Taxes are going up again in South Tucson after a slim majority of its seven-member city council approved a half-cent sales tax increase.
City staff stressed it was necessary to shore up the South Tucson’s roughly $5 million budget.
The decision on Monday night raises the total sales tax inside the square-mile city to 11.1%, compared to the city of Tucson’s total sales tax rate of 8.7%.
About 30 people in the audience, either South Tucson residents or business owners, pleaded with the council to reject the increase. The increase is estimated to bring in an additional $123,000 in revenue.
For every $100 spent on taxable items, the new tax increase would add 50 cents to the total price.
Several business owners told the council they worried the strain of additional taxes would make it difficult to stay open and others said it would hurt people living on fixed incomes.
The U.S. Census Bureau estimates that roughly 46% of South Tucson residents live in poverty.
There was pressure from firefighters to increase staffing levels to meet federal safety standards.
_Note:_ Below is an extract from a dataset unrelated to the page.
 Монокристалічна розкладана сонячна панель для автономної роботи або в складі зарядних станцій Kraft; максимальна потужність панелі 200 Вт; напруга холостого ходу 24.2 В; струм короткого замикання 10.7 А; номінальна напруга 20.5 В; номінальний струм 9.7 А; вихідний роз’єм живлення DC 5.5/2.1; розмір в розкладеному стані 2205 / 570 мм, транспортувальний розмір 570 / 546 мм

While there was support from some council members, the adopted annual budget does not include additional staffing for the department.
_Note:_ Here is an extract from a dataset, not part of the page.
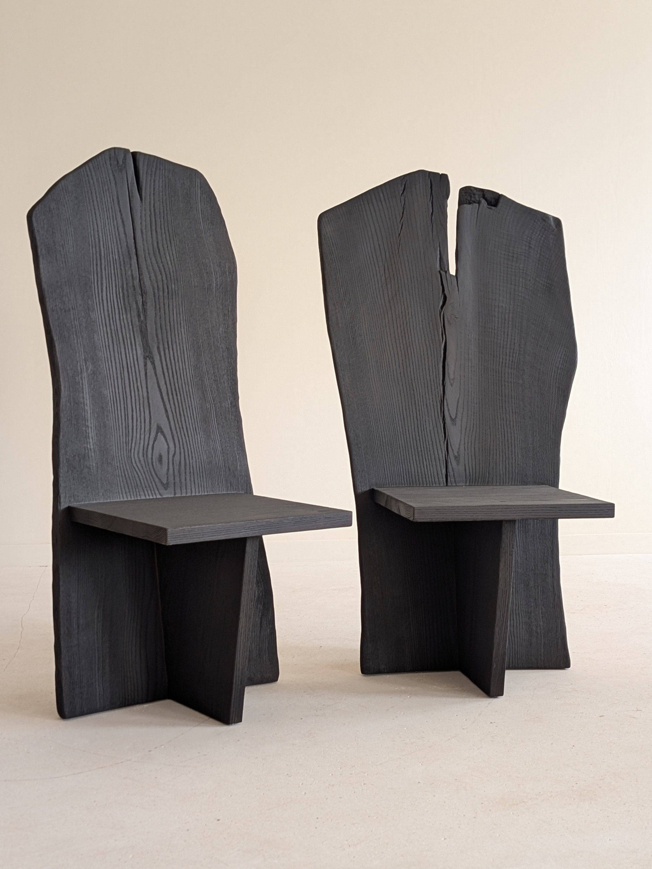 The result is a pair of throne-like seats: no armrests, no ornament, just a dramatically tall curved back and a base of two crossed rectangular planks. Minimal and physically imposing in the way that only large solid wood can be. Joining the crossed base to a concave surface required precise joinery on a curve — not a standard operation, but a satisfying one.
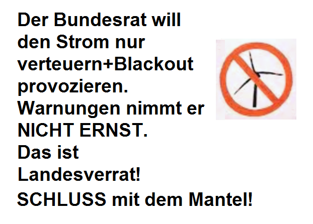 Der Bundesrat will den Strom nur verteuern+Blackout provozieren. Warnungen nimmt er NICHT ERNST. Das ist Landesverrat! SCHLUSS mit dem Mantel! [20]

In early 2018, budget cuts forced the city to reduce the size of crews on its fire trucks from the national standard of four members to three members. Effectively, this means South Tucson firefighters no longer rush into burning buildings. Instead they wait for additional crews from the Tucson Fire Department to respond.
In a mailer to South Tucson businesses and residents, the city said the “half-cent tax increase is to help sustain city service levels through the economic development planning years up ahead”.
Mayor Bob Teso, Vice Mayor Herman Lopez, and Councilmen Akanni Oyegbola and Robert “Bobby” Romero backed the tax hike on Monday night. Councilmembers Rita Rogers, Paul Diaz and Anita Romero voted against the increase.